I’m trying to figure out how to read data from a not delimited file. I can do it from SAS, R or even Oracle. But cannot see any Node to do this task.
Just to example: There are 2 files: 1) with the data itself and 2) with the metadata about how the data is arranged inside the data file.
Something like:
from column 1 to 4 seq;
from 5 to 8 year;
from 9 to 10 month
and so on!
Hi @EduardoRio , I’m presuming the file is still divided into “records”, delimited by a carriage return and/or line feed, but from what you are describing is fixed format (the type of thing that an old cobol system might produce perhaps?)
If that’s the case there is a Line Reader node
You could combine this with a Cell Splitter by Position.
If you have varying record types you would probably need to split these out based on a record type identifier first.i
Hello Takbb
Great, I think you’ve got the point precisely. The data file come from a mainframe, we’re used to call those type of datasets as “positional”. A bit hard to use, but very economic and fast on the other hand.
Yes, each line has a carriage return, so Line Node should be able to handle with it
And Cell Spliter should do the other task.
And, yes I have a file with record for types and columns names . In fact, created for data import for SAS. But I think that with some workaround I could use it.
But I’m sorry I can’t get it " probably need to split these out based on a record type identifier first.i"
But Thanks a lot I’ll have a lot to do from know!!
Regards!
Hi,
Another question:
Since the data file has no header line with the name of the columns and there’s another file with the names and types.
So, I would ask: is there some Node to this kind of job to use these information and put it on the data file structure?
Example: Using SAS The import feature allow to point to de data file, specify the type of data and use either a file with data structure information as types, names and sizes/positions on the process. They mix the information in the import procedure to create a structured file with the data.
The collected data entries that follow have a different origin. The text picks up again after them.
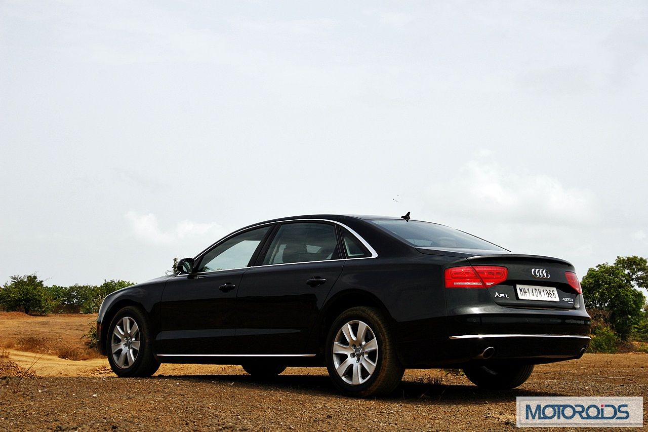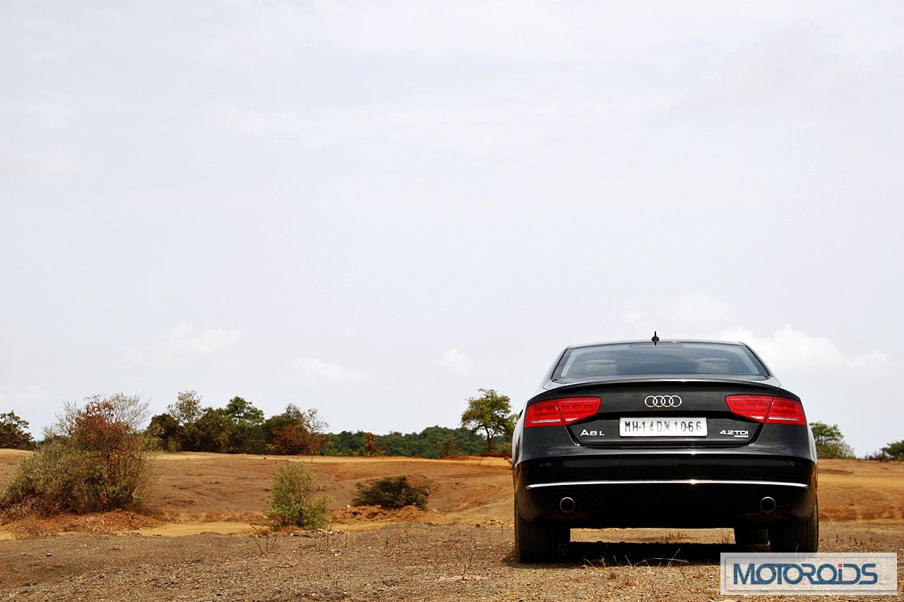 A strong beltline running across the length, an accentuation on the doors slightly above the sills and flared arches. Things have been kept rather simple in profile. Two chiseled lines on the boot flanks, dual exhausts, an integrated boot lid spoiler and a horizontal line sending the license plate into a recess form the basis of the theme at the rear.The angular tail-lamps on the A8 are quite distinctive too, and help make the flagship try and stand out.
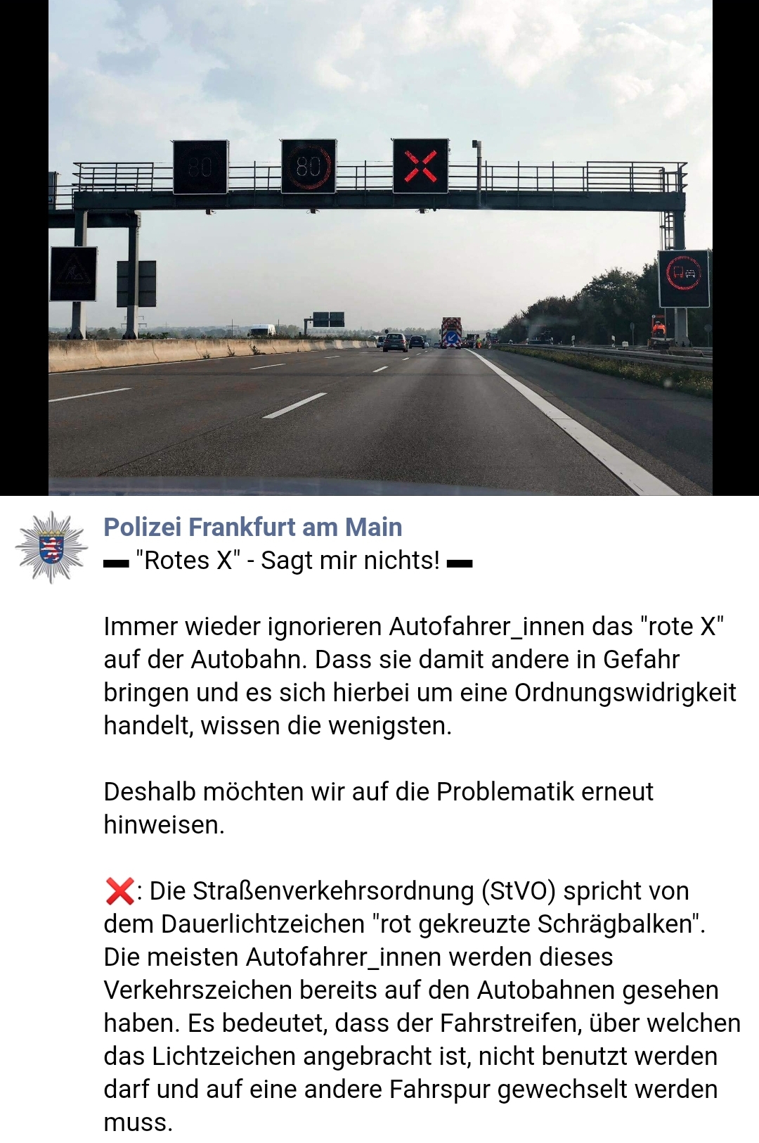 Polizei Frankfurt Am Main Rotes X Sagt Mir Nichts Immer Wieder Ignorieren Autofahrer Innen Das Rote X Auf Der Autobahn Dass Sie Damit Andere In Gefahr Bringen Und Es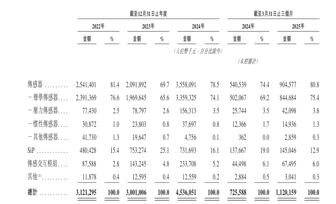 传感器是主要的营收来源,2024年的营收占比达到78.5%,达到35.58亿元。其中声学传感器的营收占比达到74.1%。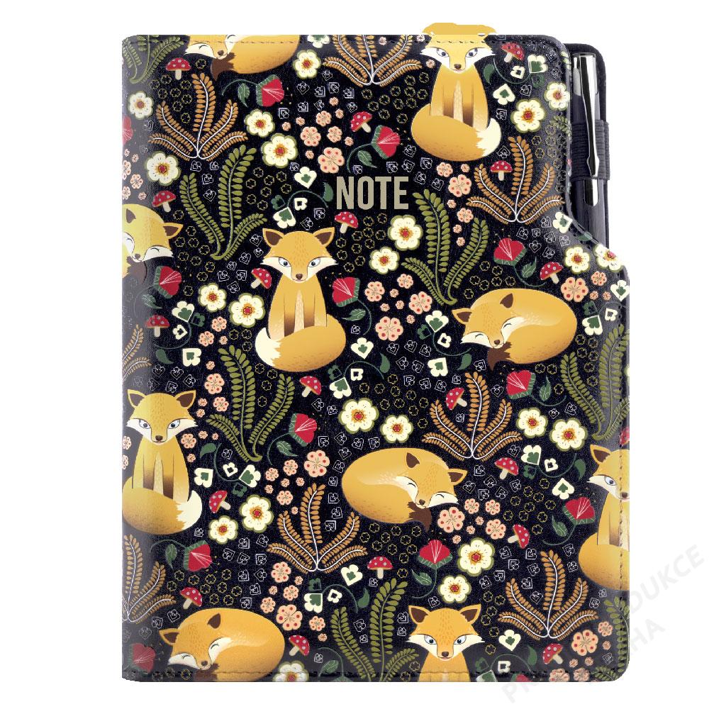 Notes - zápisník DESIGN A5 čtverečkovaný - černá - Liška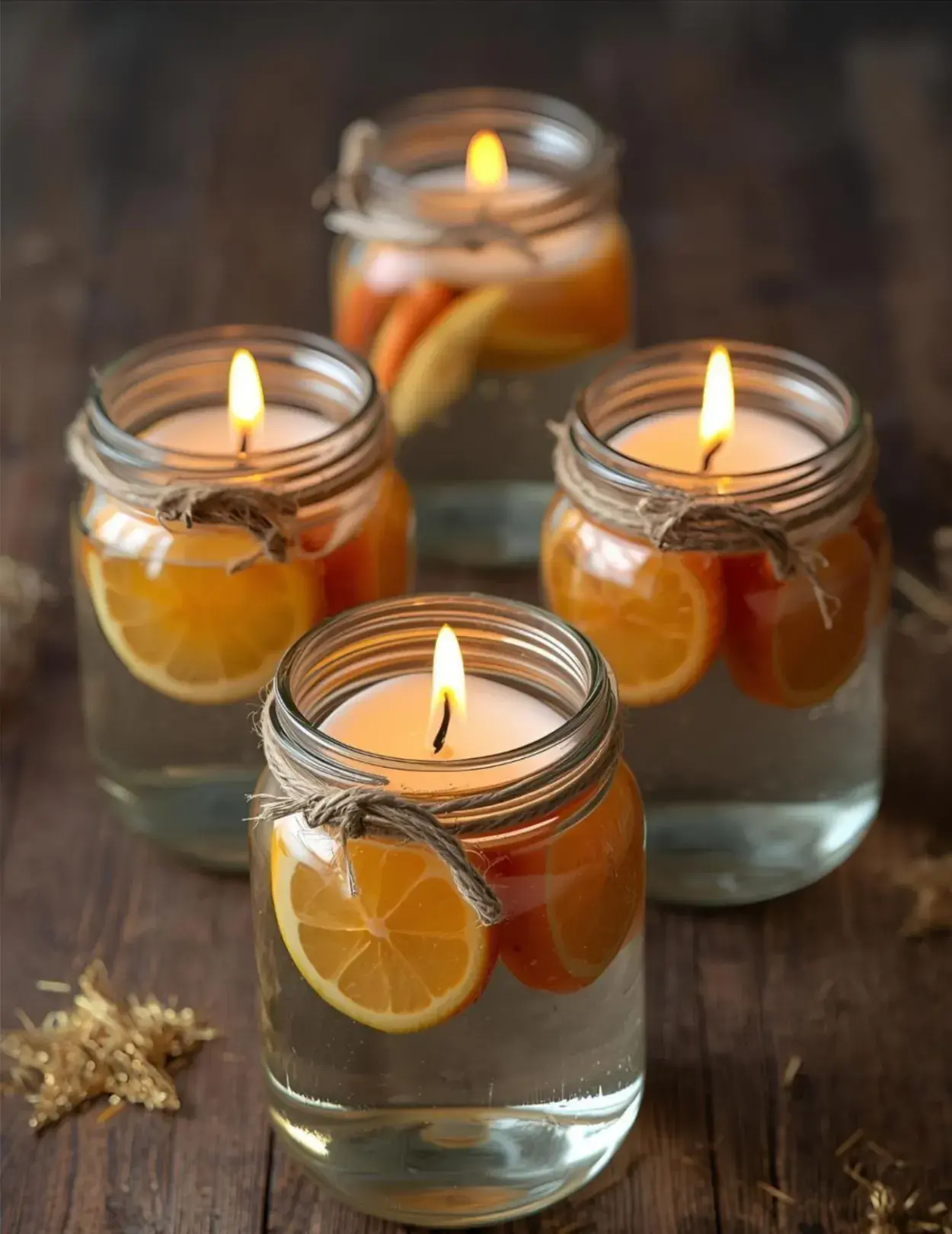 Usá un recipiente con agua. Colocá velitas flotantes y rodealas con rodajitas de naranja secas, ramas de canela y algunas hojas de pino. Aromatiza, decora y le da un toque cálido y natural a la mesa.
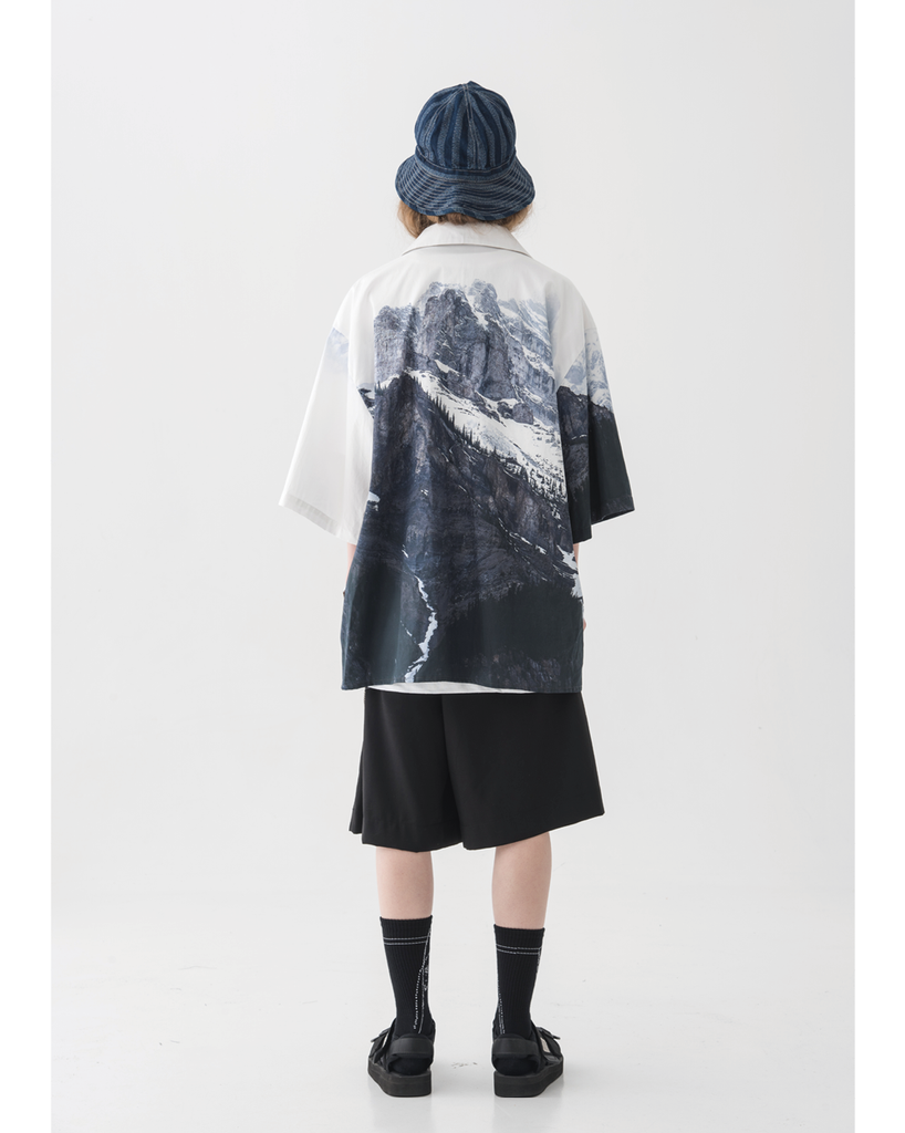 HARSH and CRUEL polyester short sleeve shirt, mountain graphic printed throughout, open spread collar, dropped shoulders, button closure, logo printed at chest.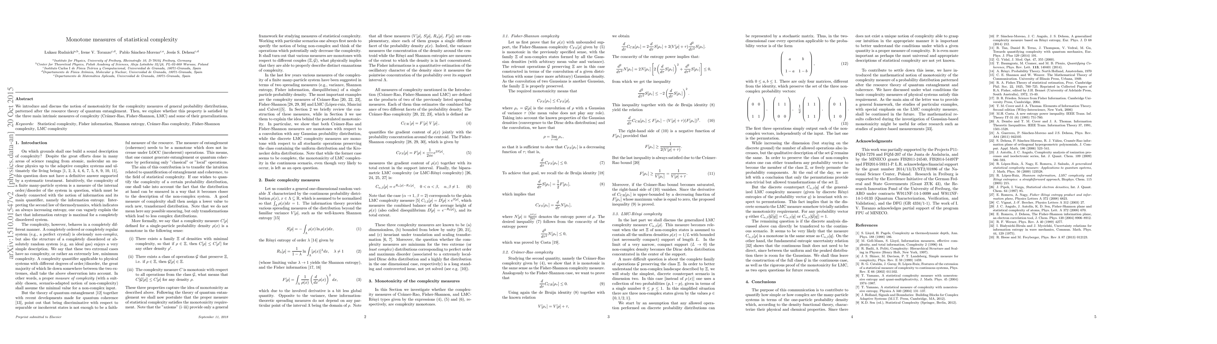 Researchers introduce a new concept of monotonicity in statistical complexity measures, examining whether these properties hold true for common methods like Cramer-Rao, Fisher-Shannon, and LMC. The study finds that most measures do not satisfy this property.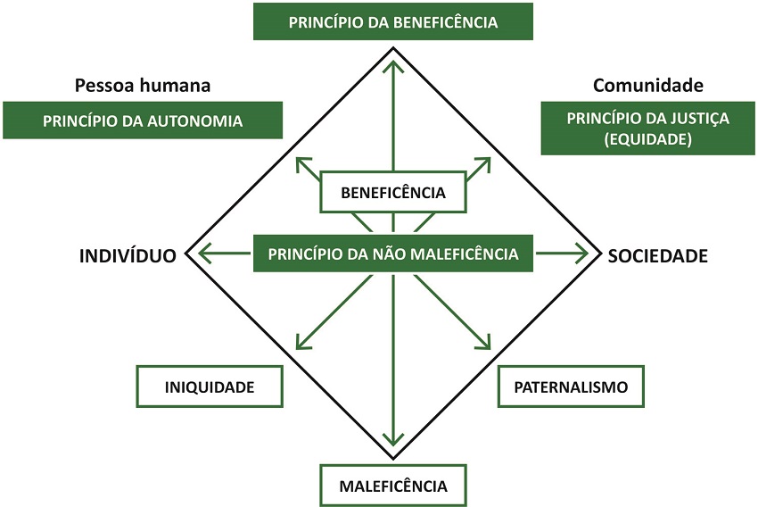 O referido isomorfismo permite nomear a última figura como quadrado lógico principialista, pois inclui os opostos e contraditórios dos princípios da beneficência, da justiça (equidade) e da autonomia, que são, respectivamente, a maleficência, a iniquidade e o paternalismo. Como antiprincípios, estão logicamente situados no plano inferior do diagrama em espécie de analítica vetorial. Por exemplo, fica evidente que a iniquidade e o paternalismo, em síntese, induzem a maleficência.

You could take a look at the variable configurations of the line reader. Depending on what it support you could create variables from the config and then use them in the line reader for configuration.
br
Sorry @EduardoRio , it looks like I didn’t quite finish the line! What I meant to say was that if you have multiple record types, then the Cell Splitter would need to be configured differently for each. So I’d therefore assume you’d need to split your flow (e.g. using a series of row splitters) so that there would be different branches for each record type.
You’d then have a Cell Splitter on each branch to create the required columns for the records contained within that branch. As per @Daniel_Weikert 's comment, you could probably configure each Cell Splitter using variable values derived from whatever configuration file you have.
If you can upload some sample (dummy) examples of the “data file” and “structure file”, we could possibly give some additional hints on how you might be able to define the config for the Cell Splitter.
I do agree!
BTW, Thank you guys for the support.
I’ll put an example of the data and the "structure created for SAS import procedure.
And let me explain why I’m doing it. I’m used to create information on Oracle (BI tools) and SAS, some little in Tableau as well.
About 1 year ago I’ve Discovered Knime and became very well impressed. So, I’m learning how it works. I can understand(I think) the workflow and the Nodes structure. Already create a complete flow reading Oracle database, several tables, joins, etc and, as output created some Excel tables and graphics.
The data I’m trying to manipulate came from the Our census bureau, we call it as PNAD that stands for “National Program for domiciliary Sample” This kind of research is done every year in opposition of the census done each 10 years. It is open data and very actual with a lot of good information about the families work, health, wealth, etc.
But you have 2 ways of getting that data: 1) gross data (my case) or, 2)Final data - spreadsheets, already filtered, aggregated. But the second doesn’t allow you to do many of the simulations we probably shall do to stress the data and come up with more interesting information.
So, that it !! The bad is the primary effort to convert the text file on something more friendly is huge.The good is one time done you’ll use it for each new set of data.!!
Bellow the structure example. Please, note this one is used by SAS. With some work the it can be changed to allow Oracle importation.
Where:
“@0000 #” - is the initial position of the field;
" V0101" - is the column name on the file/database;
“$#” - is the type(string) and length - “#” - Type(number) and length;
“/Reference year/” - column name description data.txt (1.5 KB) srtucture.txt (1.9 KB)
Hello,
Half of the problem is already solved. The reading of the data.
Now I’m going to wonder how to put the data into a Oracle schema, with the same structure and columns names.
I know about the Oracle’ connector, DB Table Creator.
So, Just want to ask you guys: if it’s possible to use the same “String Widget” to “pass” the names and types (maybe size either) to the Table Creator??
That’s it
Thanks again for the support!
Eduardo
Here to say that I’ve done it. Successfully create the table and import the data.
Btw, the table has been created with whole columns as string with 255 positions. I’m now trying to figure out how to set the types and lengths before the table creation.